PLoS One. 2021 Jun 23;16(6):e0238960. doi: 10.1371/journal.pone.0238960. eCollection 2021.
Sounds like "running water" and "buzzing bees" are classes of sounds which are a collective result of many similar acoustic events and are known as "sound textures". A recent psychoacoustic study using sound textures has reported that natural sounding textures can be synthesized from white noise by imposing statistical features such as marginals and correlations computed from the outputs of cochlear models responding to the textures. The outputs being the envelopes of bandpass filter responses, the 'cochlear envelope'. This suggests that the perceptual qualities of many natural sounds derive directly from such statistical features, and raises the question of how these statistical features are distributed in the acoustic environment. To address this question, we collected a corpus of 200 sound textures from public online sources and analyzed the distributions of the textures' marginal statistics (mean, variance, skew, and kurtosis), cross-frequency correlations and modulation power statistics. A principal component analysis of these parameters revealed a great deal of redundancy in the texture parameters. For example, just two marginal principal components, which can be thought of as measuring the sparseness or burstiness of a texture, capture as much as 64% of the variance of the 128 dimensional marginal parameter space, while the first two principal components of cochlear correlations capture as much as 88% of the variance in the 496 correlation parameters. Knowledge of the statistical distributions documented here may help guide the choice of acoustic stimuli with high ecological validity in future research.
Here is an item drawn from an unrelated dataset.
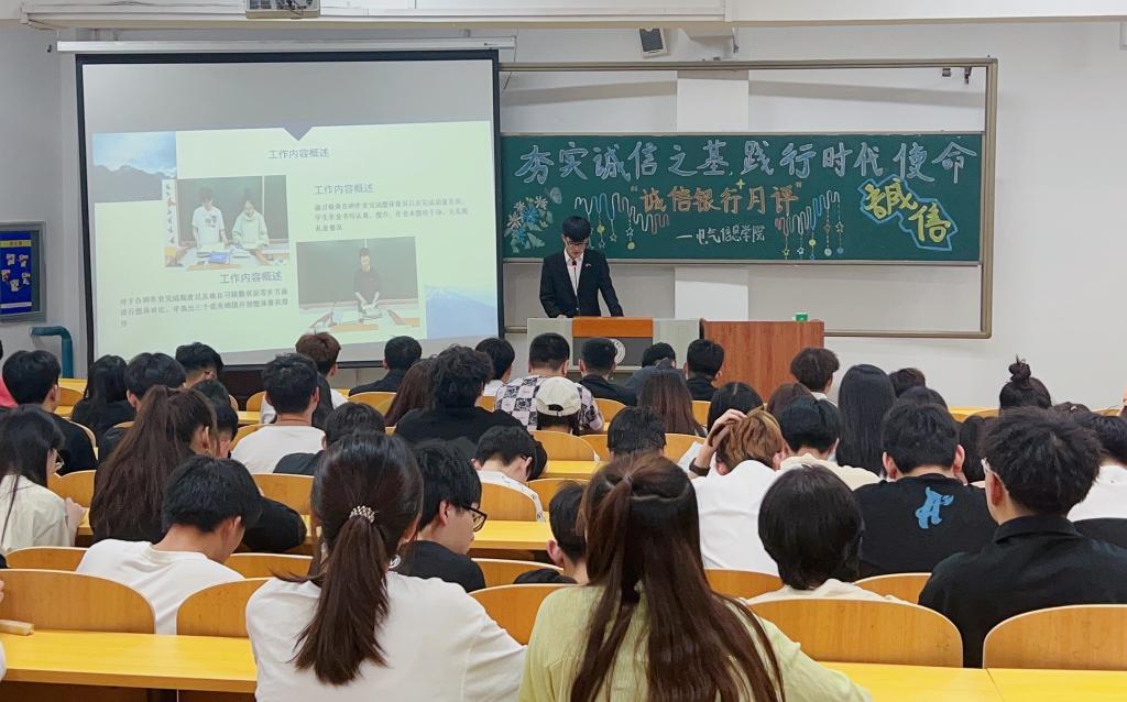 本次诚信银行月评活动的开展,积极响应了社会主义核心价值观诚信之风,形成了崇尚诚信、践行诚信的良好校园风尚。希望同学们能够在今后的学习、工作和生活中明确自身的职责与使命,争做诚信之人,彰显出青春底蕴,沉淀出优秀品质。

听起来“流水”和“嗡嗡蜜蜂”是许多相似声学事件的集体结果,被称为“声音纹理”。最近一项使用声音纹理的心理声学研究报告称,可以通过施加统计特征,如从耳蜗模型对纹理的响应输出计算的边际和相关性,从白噪声中合成自然 sounding 纹理。输出是带通滤波器响应的包络,即“耳蜗包络”。这表明许多自然声音的感知质量直接源自这些统计特征,并提出了这些统计特征在声学环境中如何分布的问题。为了解决这个问题,我们从公共在线资源中收集了 200 个声音纹理的语料库,并分析了纹理的边际统计(均值、方差、偏度和峰度)、交叉频率相关和调制功率统计的分布。这些参数的主成分分析显示纹理参数存在很大的冗余。例如,仅两个边际主成分,可被认为是测量纹理的稀疏度或突发度,就可以捕获多达 64%的 128 维边际参数空间的方差,而耳蜗相关性的前两个主成分可以捕获多达 88%的 496 个相关参数的方差。这里记录的统计分布知识可能有助于指导未来研究中具有高生态有效性的声学刺激的选择。